*** Block opens ***

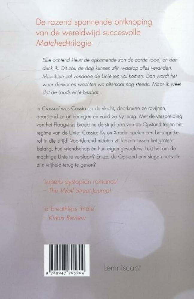 Drie stemmen - die van Cassia, Ky en Xander - vertellen in een wervelwind van verwikkelingen het laatste deel van hun strijd tegen de Unie. We lieten Cassia achter in Crossed nadat ze op haar vlucht ravijnen had doorkruist, ontberingen had doorstaan en Ky had teruggevonden, op het moment dat ze klaarstond om de confrontatie met de Unie aan te gaan. Ze hoeft dat niet alleen te doen: haar beide liefdes, Ky én Xander, staan aan haar kant. Maar is dat genoeg om de machtige Unie aan te kunnen? Om een heel volk zijn keuzevrijheid terug te geven? En dan staat Cassia ook nog voor de moeilijkste keuze: Ky of Xander?
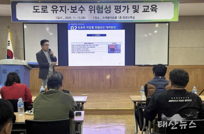 교육 주요 내용은 ▲제설 작업 시 현장에서 발생할 수 있는 위험요인 식별 및 안전수칙 준수, ▲위험성 평가 절차 및 개선방안, ▲제설 장비 운용 시 사고 예방을 위한 현장 대응 요령, ▲제설제 살포 및 적정 제설 계획 수립을 통한 도로 안전 확보 방안 등으로 구성됐다.
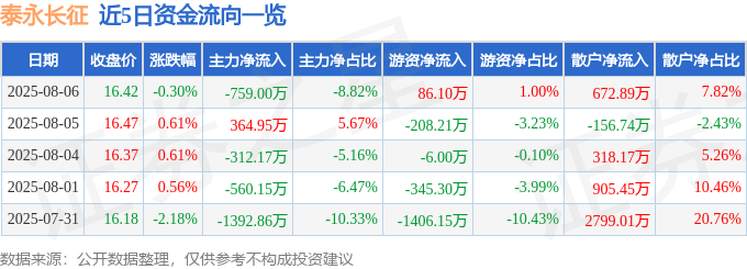 证券之星消息,截至2025年8月6日收盘,泰永长征(002927)报收于16.42元,下跌0.3%,换手率2.37%,成交量5.23万手,成交额8604.75万元。
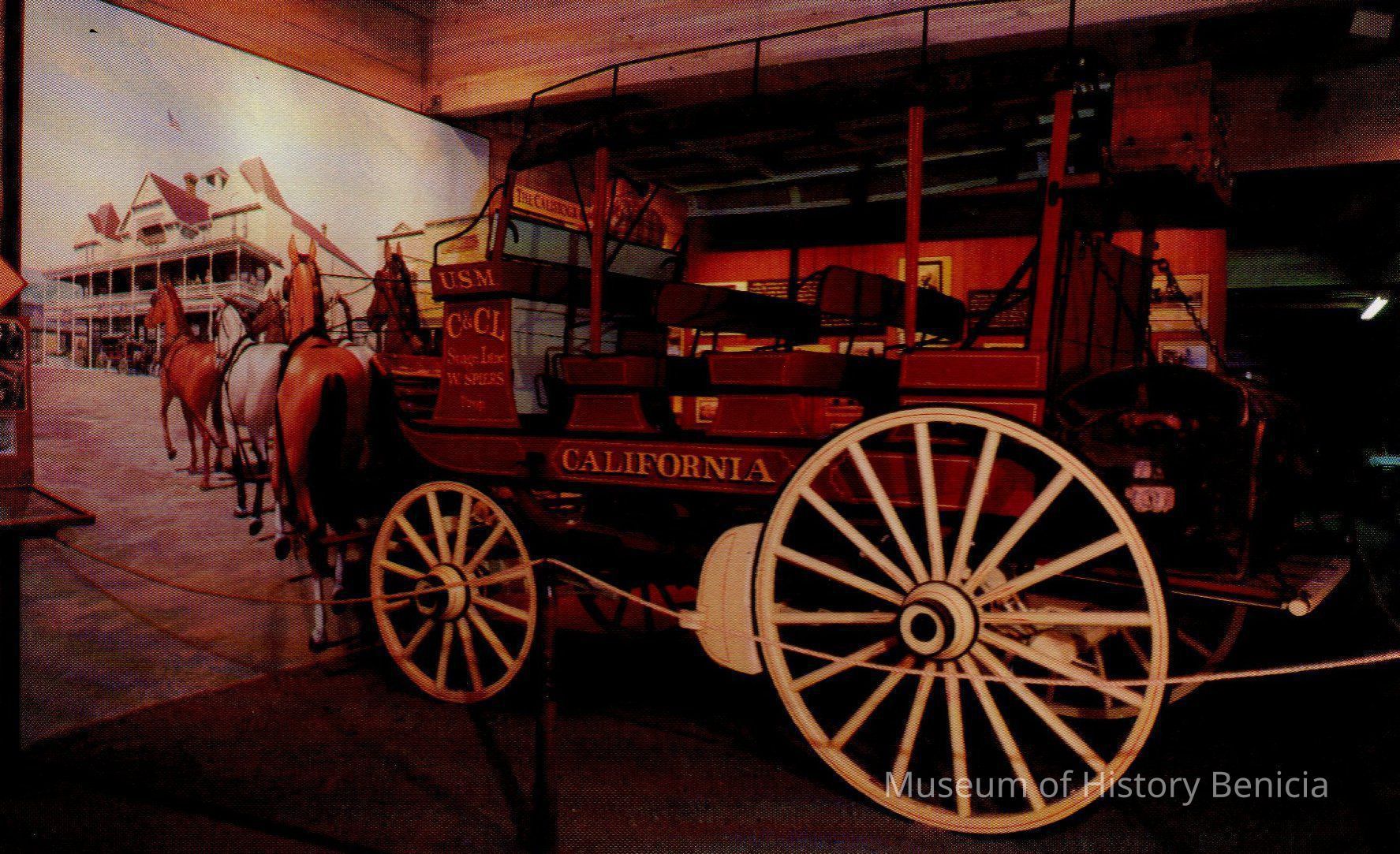 Caption on back: A dozen stage coaches carried travelers from the railroad terminus to points beyond, serving quick-silver mines and resorts, returning to Hotel Calistoga. Horses painted by A. Kendall O'Connor. Hotel and background by Steve Della Maggiora. One of the many dioramas in the Sharpsteen Museum. printed by the Calistoga Museum Auxilliary.Collection
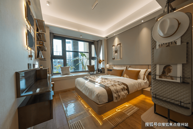 星空连廊的顶面采用香槟金铝板、墙面为爱马仕灰仿石砖,并镶嵌金属线条、就连地面都采用了夜里雪仿石砖
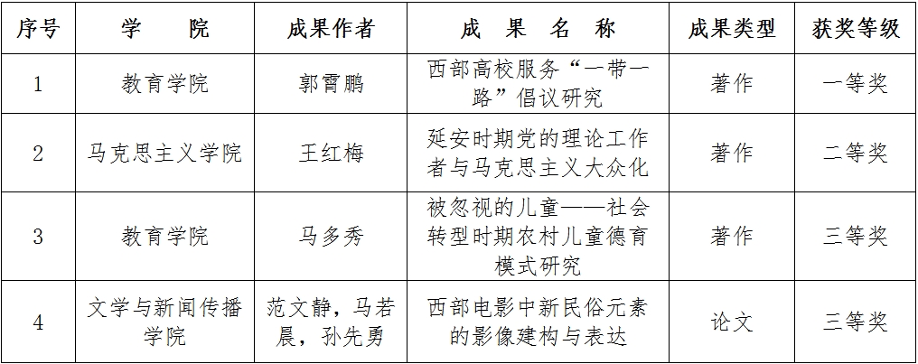 陕西省哲学社会科学优秀成果奖是全省哲学社会科学界规格最高的政府奖项,每两年评选一次,旨在奖励在理论研究、学术创新及服务经济社会发展等方面取得突出成就的成果。该奖项评审严格、标准高远,历来被视为衡量高校及科研机构研究水平的重要标尺,对激励广大社科工作者深化重大理论与现实问题研究、推动成果转化、促进哲学社会科学繁荣和优秀成果持续涌现,具有重要的引领与支撑作用。(科研管理处 文/杜红珍 审核/胡登卫)

*** Block closes ***

**Task brief**
Give back exactly the lines from the one containing "星空连廊的顶面采用香槟金铝板" through the last line above, both included, and none of the pictures.

**Task solution**
 星空连廊的顶面采用香槟金铝板、墙面为爱马仕灰仿石砖,并镶嵌金属线条、就连地面都采用了夜里雪仿石砖
 陕西省哲学社会科学优秀成果奖是全省哲学社会科学界规格最高的政府奖项,每两年评选一次,旨在奖励在理论研究、学术创新及服务经济社会发展等方面取得突出成就的成果。该奖项评审严格、标准高远,历来被视为衡量高校及科研机构研究水平的重要标尺,对激励广大社科工作者深化重大理论与现实问题研究、推动成果转化、促进哲学社会科学繁荣和优秀成果持续涌现,具有重要的引领与支撑作用。(科研管理处 文/杜红珍 审核/胡登卫)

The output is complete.